YOUR GOAL
Write out again, word for word, the lines below from the line that holds "I'm not a nature" through the line that holds "Midtjylland opened the", omitting pictures.

SUPPLIED DATA

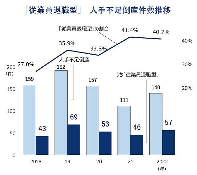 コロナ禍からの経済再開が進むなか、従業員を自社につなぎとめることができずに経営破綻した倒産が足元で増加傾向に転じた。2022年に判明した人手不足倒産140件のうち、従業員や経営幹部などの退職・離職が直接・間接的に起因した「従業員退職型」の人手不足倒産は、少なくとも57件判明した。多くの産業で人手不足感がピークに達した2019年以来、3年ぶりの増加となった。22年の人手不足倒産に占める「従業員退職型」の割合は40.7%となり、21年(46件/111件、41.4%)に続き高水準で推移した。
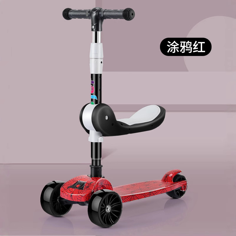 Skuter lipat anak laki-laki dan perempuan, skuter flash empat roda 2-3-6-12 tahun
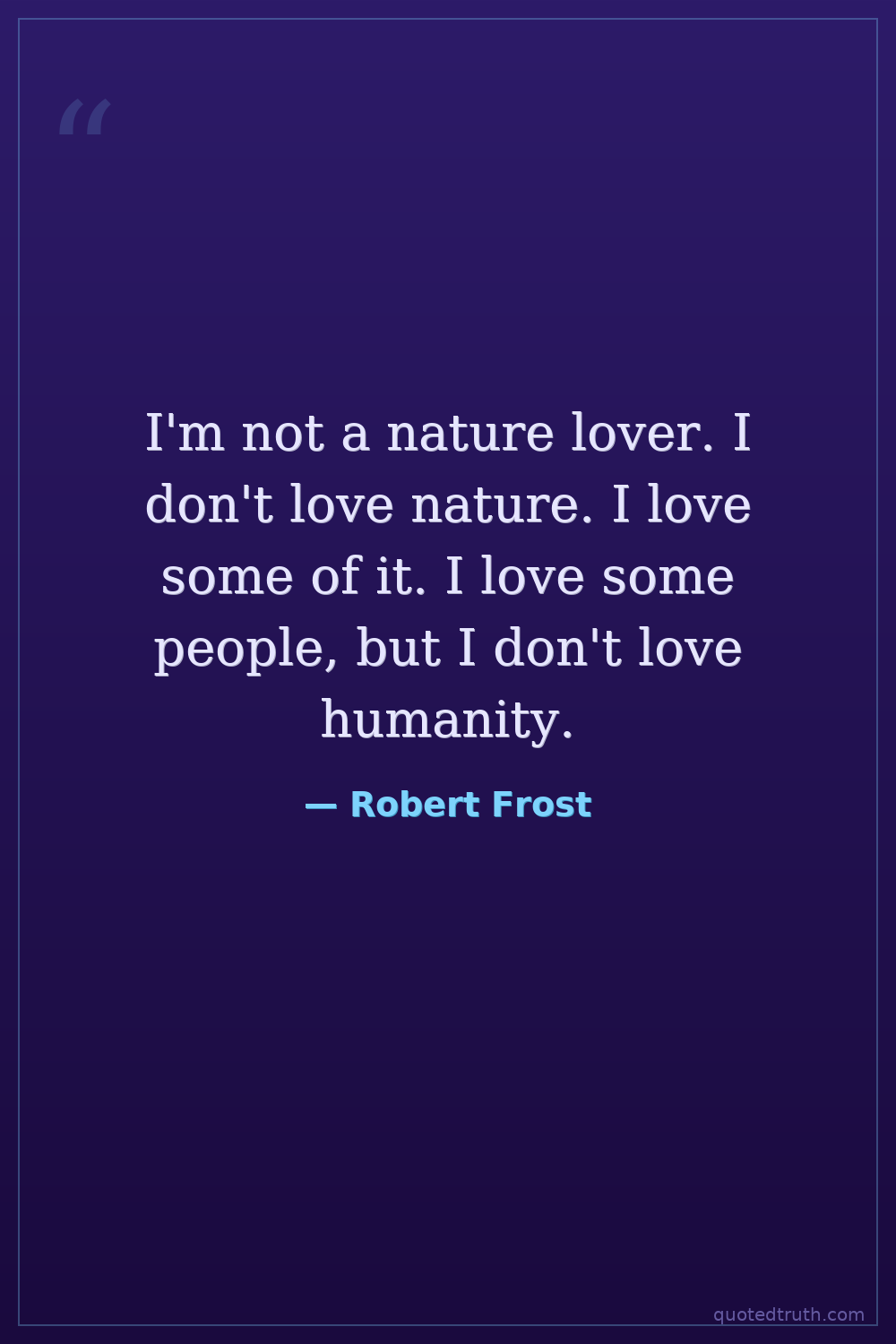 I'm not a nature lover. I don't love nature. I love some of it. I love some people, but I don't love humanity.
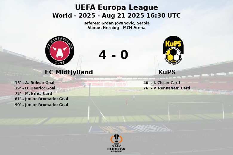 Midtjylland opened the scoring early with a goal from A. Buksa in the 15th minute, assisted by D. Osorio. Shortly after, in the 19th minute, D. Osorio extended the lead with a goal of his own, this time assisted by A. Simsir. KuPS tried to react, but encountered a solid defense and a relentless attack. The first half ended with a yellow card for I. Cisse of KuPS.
...
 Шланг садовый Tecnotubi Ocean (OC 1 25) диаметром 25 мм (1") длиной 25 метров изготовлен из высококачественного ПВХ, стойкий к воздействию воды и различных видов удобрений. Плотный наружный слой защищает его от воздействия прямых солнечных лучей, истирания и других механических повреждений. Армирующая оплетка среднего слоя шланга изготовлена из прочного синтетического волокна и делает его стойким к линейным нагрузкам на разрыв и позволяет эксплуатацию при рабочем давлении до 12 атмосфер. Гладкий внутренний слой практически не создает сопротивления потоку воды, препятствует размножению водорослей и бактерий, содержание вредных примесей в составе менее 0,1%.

OUTPUT BELOW
 I'm not a nature lover. I don't love nature. I love some of it. I love some people, but I don't love humanity.
 Midtjylland opened the scoring early with a goal from A. Buksa in the 15th minute, assisted by D. Osorio. Shortly after, in the 19th minute, D. Osorio extended the lead with a goal of his own, this time assisted by A. Simsir. KuPS tried to react, but encountered a solid defense and a relentless attack. The first half ended with a yellow card for I. Cisse of KuPS.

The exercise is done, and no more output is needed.